What needs to be done - Given the material below, return only the lines starting at the line with "辽宁省衡水金卷2026年普通" and ending at the line with "Nineteen lipid species", exactly as they appear.

Dataset extract -
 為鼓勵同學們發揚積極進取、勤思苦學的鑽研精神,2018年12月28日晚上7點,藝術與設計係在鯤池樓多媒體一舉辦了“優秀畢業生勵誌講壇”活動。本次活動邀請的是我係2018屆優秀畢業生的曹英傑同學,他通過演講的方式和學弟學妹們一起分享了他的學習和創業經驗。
---
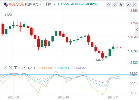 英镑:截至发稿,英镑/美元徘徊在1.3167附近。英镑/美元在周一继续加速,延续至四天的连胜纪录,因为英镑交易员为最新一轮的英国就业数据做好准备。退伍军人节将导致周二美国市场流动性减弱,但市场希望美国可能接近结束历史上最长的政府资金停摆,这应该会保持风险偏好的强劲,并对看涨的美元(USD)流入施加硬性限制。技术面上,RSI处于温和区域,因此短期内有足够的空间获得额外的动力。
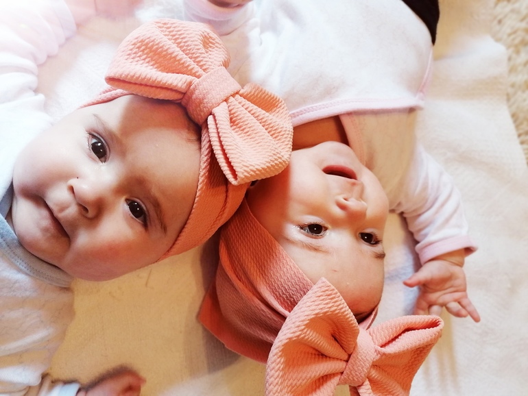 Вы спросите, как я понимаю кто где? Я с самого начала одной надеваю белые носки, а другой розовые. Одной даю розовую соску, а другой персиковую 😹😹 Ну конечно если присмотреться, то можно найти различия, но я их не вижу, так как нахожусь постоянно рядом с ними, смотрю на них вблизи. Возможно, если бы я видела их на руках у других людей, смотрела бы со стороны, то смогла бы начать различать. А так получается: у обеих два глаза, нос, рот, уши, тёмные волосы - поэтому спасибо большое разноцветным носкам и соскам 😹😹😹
* * *
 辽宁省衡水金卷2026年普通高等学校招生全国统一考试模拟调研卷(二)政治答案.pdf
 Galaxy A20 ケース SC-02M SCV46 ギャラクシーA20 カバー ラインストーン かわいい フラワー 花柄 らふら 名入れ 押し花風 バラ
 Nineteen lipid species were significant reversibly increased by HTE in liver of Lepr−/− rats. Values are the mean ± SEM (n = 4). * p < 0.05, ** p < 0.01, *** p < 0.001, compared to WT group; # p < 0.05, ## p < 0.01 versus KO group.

Solution -
 辽宁省衡水金卷2026年普通高等学校招生全国统一考试模拟调研卷(二)政治答案.pdf
 Galaxy A20 ケース SC-02M SCV46 ギャラクシーA20 カバー ラインストーン かわいい フラワー 花柄 らふら 名入れ 押し花風 バラ
 Nineteen lipid species were significant reversibly increased by HTE in liver of Lepr−/− rats. Values are the mean ± SEM (n = 4). * p < 0.05, ** p < 0.01, *** p < 0.001, compared to WT group; # p < 0.05, ## p < 0.01 versus KO group.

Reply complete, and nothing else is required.